- Work item
Print nothing except the lines of the listing below from the line with "在上市后的一周,银河 A7 交付" to the line with "B LOVE - MAGLIA", each exactly as written, both ends included.

- Stored data
= = = = =
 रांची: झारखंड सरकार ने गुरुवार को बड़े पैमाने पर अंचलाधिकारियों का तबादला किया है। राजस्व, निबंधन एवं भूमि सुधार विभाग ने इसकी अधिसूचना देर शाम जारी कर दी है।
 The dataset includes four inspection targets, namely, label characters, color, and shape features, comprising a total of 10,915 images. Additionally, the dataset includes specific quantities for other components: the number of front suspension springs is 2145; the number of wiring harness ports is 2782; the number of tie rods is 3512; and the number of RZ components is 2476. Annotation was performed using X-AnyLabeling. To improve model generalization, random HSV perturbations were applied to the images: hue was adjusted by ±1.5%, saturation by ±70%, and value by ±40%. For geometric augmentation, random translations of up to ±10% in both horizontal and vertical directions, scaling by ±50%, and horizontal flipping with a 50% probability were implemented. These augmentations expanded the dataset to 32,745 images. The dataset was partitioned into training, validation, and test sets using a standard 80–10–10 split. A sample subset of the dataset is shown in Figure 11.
= = = = =
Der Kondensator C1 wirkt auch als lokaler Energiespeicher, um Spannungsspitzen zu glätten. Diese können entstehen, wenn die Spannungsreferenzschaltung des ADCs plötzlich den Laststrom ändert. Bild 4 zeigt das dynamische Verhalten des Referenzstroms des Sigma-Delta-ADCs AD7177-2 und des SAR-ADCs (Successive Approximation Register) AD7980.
= = = = =
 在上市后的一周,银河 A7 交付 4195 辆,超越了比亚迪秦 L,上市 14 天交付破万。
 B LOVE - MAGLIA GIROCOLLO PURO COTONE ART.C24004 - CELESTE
= = = = =
- Reply
 在上市后的一周,银河 A7 交付 4195 辆,超越了比亚迪秦 L,上市 14 天交付破万。
 B LOVE - MAGLIA GIROCOLLO PURO COTONE ART.C24004 - CELESTE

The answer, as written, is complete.